40. We are not persuaded that there is any proper analogy here. Article 21 of the TFEU (referred to as Article 18 of the EC in Chen) sets out the fundamental right to reside in another EU state which as the case law demonstrates is not something to be interfered with lightly. That is also the basis of the other derivative rights for non- citizens identified in Zambrano. The Withdrawal Agreement does not set out such a right; rather, its purpose in respect of citizens’ rights is to make provision under domestic law for certain rights which previously existed under EU. These provisions are different.
41. It therefore follows that the appellants cannot come within the personal scope of the Withdrawal Agreement and so cannot argue that they are entitled to the benefits of any rights set out in Article 18 of the Withdrawal Agreement.
42. We pause there to remind ourselves of the available ground of appeal in respect of the Withdrawal Agreement. We find that the appellants have no rights under that agreement and so any appeal on that ground must fail.
43. The right of appeal set out in reg 8 of the Citizens Rights Appeals Regulations”) 2020 is personal. Reg 8(2) specifically sets out that the first ground of appeal is that the decision breaches any rights which the appellant has. It does not refer to nor encompass rights pertaining to others.
Was the decision in accordance with the rules set out in Appendix EU (FP)
44. In order to succeed under the rules, the appellants must meet the requirements as at the date of application – see EU(FP) 6. They must also satisfy the requirement to be a “family member of a relevant EEA National”. Appendix EU(FP) sets out who is a “family member of a relevant EEA citizen” by reference to a closed list of categories of people. We are here concerned with sub-paragraph (e) of that list, that is, dependent parents of the spouse or civil partner of a relevant EEA citizen.
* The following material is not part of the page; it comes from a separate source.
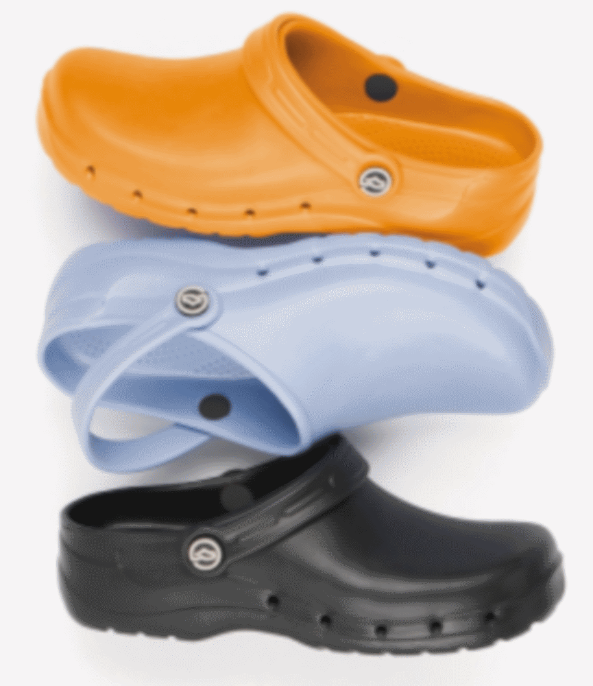 Très confortable et non salissants, ces sabots extrêmement légers (130 g) sont lavables en machine ou à la main à 50°C. Dotés d'une surface antistatique et d'une semelle antidérapante, les sabots restent fiables dans les lieux humides sans risque de glisser, et les lanières multipositions permettent à ces derniers de rester bien accrochés au pied, laissant le choix à l'utilisateur de placer la lanière à l'arrière ou à l'avant du pied. Les 10 aérations latérales permettent une bonne circulation de l'air, et la semelle anatomique interne absorbe les chocs pour un maximum de confort.
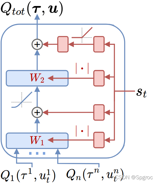 Qtot。根据IGM条件,输入为此状态下每个智能体的最大动作价值。

45. As is accepted, they are not dependent on the child; rather, the dependency is in the other direction and accordingly, they cannot succeed on this ground either.
Conclusion
46. For the reasons set out above, there are no appeals under the EEA Regulations and the appeals under the Citizens Rights Appeals Regulations must fail.

Notice of Decision
1. We remake the decision by dismissing the appeals on all grounds.